EX-99.4 5 dex994.htm SUMMARY OF NON-EMPLOYEE DIRECTOR COMPENSATION PROGRAM Summary of Non-Employee Director Compensation Program

Exhibit 99.4

 

Non-Employee Director Compensation

 

The amended non-employee director equity compensation program provides that for any new director added to the Board after the date of this amendment, each director will receive an initial grant of 7,000 stock options and 1,000 restricted stock units, pro-rated from the date of appointment to the date of the next annual meeting. These initial stock options and initial restricted stock units will vest over the next year. The stock options will be granted at an exercise price equal to the current fair market value of our common stock. The restricted stock units will only be settled, to the extent vested, by issuance of one share of our common stock for each unit, upon the termination of the director’s service to the Company. Both the stock options and the restricted stock units will become vested (and settled to the extent applicable) upon the occurrence of a change of control of the Company.

 

In addition, as a result of this amendment to the Company’s non-employee director equity compensation program, each non-employee directors will also receive, on an annual basis, 7,000 stock options and 1,000 restricted stock units.
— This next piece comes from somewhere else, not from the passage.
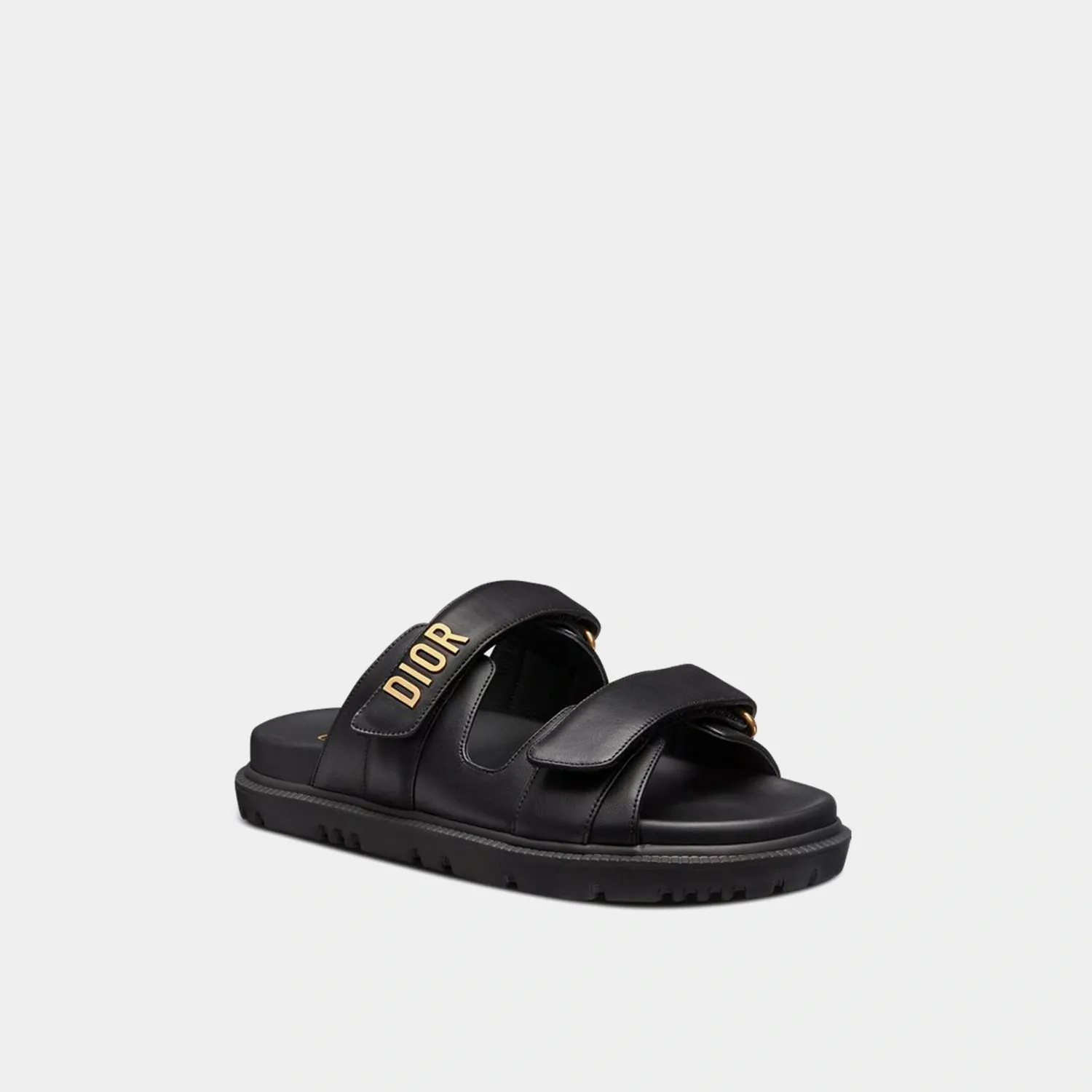 Sleek slide-on style crafted from jacquard Oblique or smooth calfskin; broad straps sit atop cushioned leather footbeds and gloss-edged soles—effortlessly combining comfort with elevated sporty elegance.

The terms and conditions of these annual awards are identical to the initial awards described above vesting 1/12 each month, and become fully vested one year after grant. The Form of Non-employee Director Stock Option Agreement and Restricted Stock Unit

 

All non-employee directors will continue to receive the following cash compensation for service on the Board:

 

Annual Retainer:

      

Board Member

   $ 50,000

Committee Member

   $ 62,500

Committee Chair

   $ 75,000

Presiding Director
(If the Presiding Director is not a Committee Chair)

   $ 75,000

Presiding Director
(If the Presiding Director is a Committee Chair)

   $ 87,500

 

Payments are made in advance on a quarterly basis on or about January 1, April 1, July 1, and October 1. On each payment date, each director shall receive 25% of the single highest Annual Retainer applicable for his or her status as reflected in the table above. Appropriate adjustments are made to reflect partial quarter service and a director’s change in status.

 

The Company reimburses all non-employee directors for expenses incurred to attend meetings of the Board or its committees, promptly after such expense is incurred.